Can You explain following part of your code:

int Amax = A[0], Bmax = B[0];
	for(int i = 1; i <n; i++)
		if(A[i]*Bmax > Amax*B[i])
			Amax = A[i];
			Bmax = B[i];
	vector<int> ct;
	vis.assign(n, 0);
	for(int i = 0; i < n; i++)
		if(A[i]*Bmax == B[i]*Amax)
			vis[i] = 1;

I know in the first part you are calculating maximum per capita income but can you please explain(Mathematically) why it works?
Also, Please Explain the second part of the above code.
Thanks in Advance!

Should we always use double in place of float?

This was informative! Thanks!

What about this @aneee004 ?

depends on the degree of precision you need a code.

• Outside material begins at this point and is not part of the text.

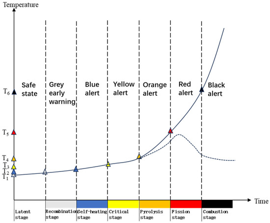 3. The gas detection method: When coal reaches a certain temperature, different concentrations and types of gases will be released, and the occurrence and release of these gases can accurately reflect the degree of oxidation and the spontaneous combustion of coal. Due to the heat production of coal oxidation and spontaneous combustion, the temperature of surrounding coal rock and air rises, and the pressure difference between the underground high-temperature site and the surface is generated, and the gas in the coal fire area migrates to the surface along this pressure gradient in the coal rock fracture [93,94]. Li et al. [95] determined the pyrolysis temperature, ignition temperature and starting temperature of different kinds of marker gases by analyzing the pyrolysis process of HQL and DY coal. Based on a comprehensive analysis of the marker gases and critical temperatures produced in various stages of CSC, the authors adopted the following methods: C2H2, C2H4, C2H4, C2H4, C2H4, C2H4, C2H4, C2H4 and C2H4, respectively. C2H6 is the evaluation basis for the classification of the CSC stage. This method divides the coal combustion process into four stages: the latent spontaneous combustion period, slow spontaneous combustion period, accelerated spontaneous combustion period and combustion period. In engineering practice, drilling experiments can be carried out at suspected high-temperature points on the surface, and the components of the collected gases can be analyzed by gas chromatography. The degree of the spontaneous combustion of coal seams is determined based on the critical concentration of CO and the type of gas, and the fire area range of the coalfield is delineated. Yue et al. [96] simulated coal seam spontaneous ignition by using a kg coal sample ignition test bench. Based on the analysis of indicator gases in the process of coal oxidation and temperature rise, and based on the original theory of dividing CSC stages, the early warning levels of CSC were further divided into seven stages, latent, composite, self-heating, critical, pyrolysis, fission and combustion, as shown in Figure 5. The prediction of the spontaneous combustion of coal is more accurate.

in anee004’s code he first stored max ( percapita / population ) in two int values instead of storing their division result in a double or float.

next to compare to ratios of two cities :

insted of doing ( A / P ) == ( A’ / P’ )

he checked for cross product ( A * P’ ) == ( A’ * P )

simple mathematics here.


So I’m essentially storing perMax, but instead of storing it as a double, I’m storing the numerator in Amax, and the denominator in Bmax. So at any point the current perMax = Amax/Bmax.

Now to check if per[i] is greater than current maximum, we have to check if (A[i]/B[i]) > perMAx
A[i]/B[i] > AMax/Bmax
A[i] * Bmax > AMax * B[i]!
That’s how my if condition arises.

In the second part, I’m just marking all the nodes which have per = maxPer as ‘1’, for my dfs later.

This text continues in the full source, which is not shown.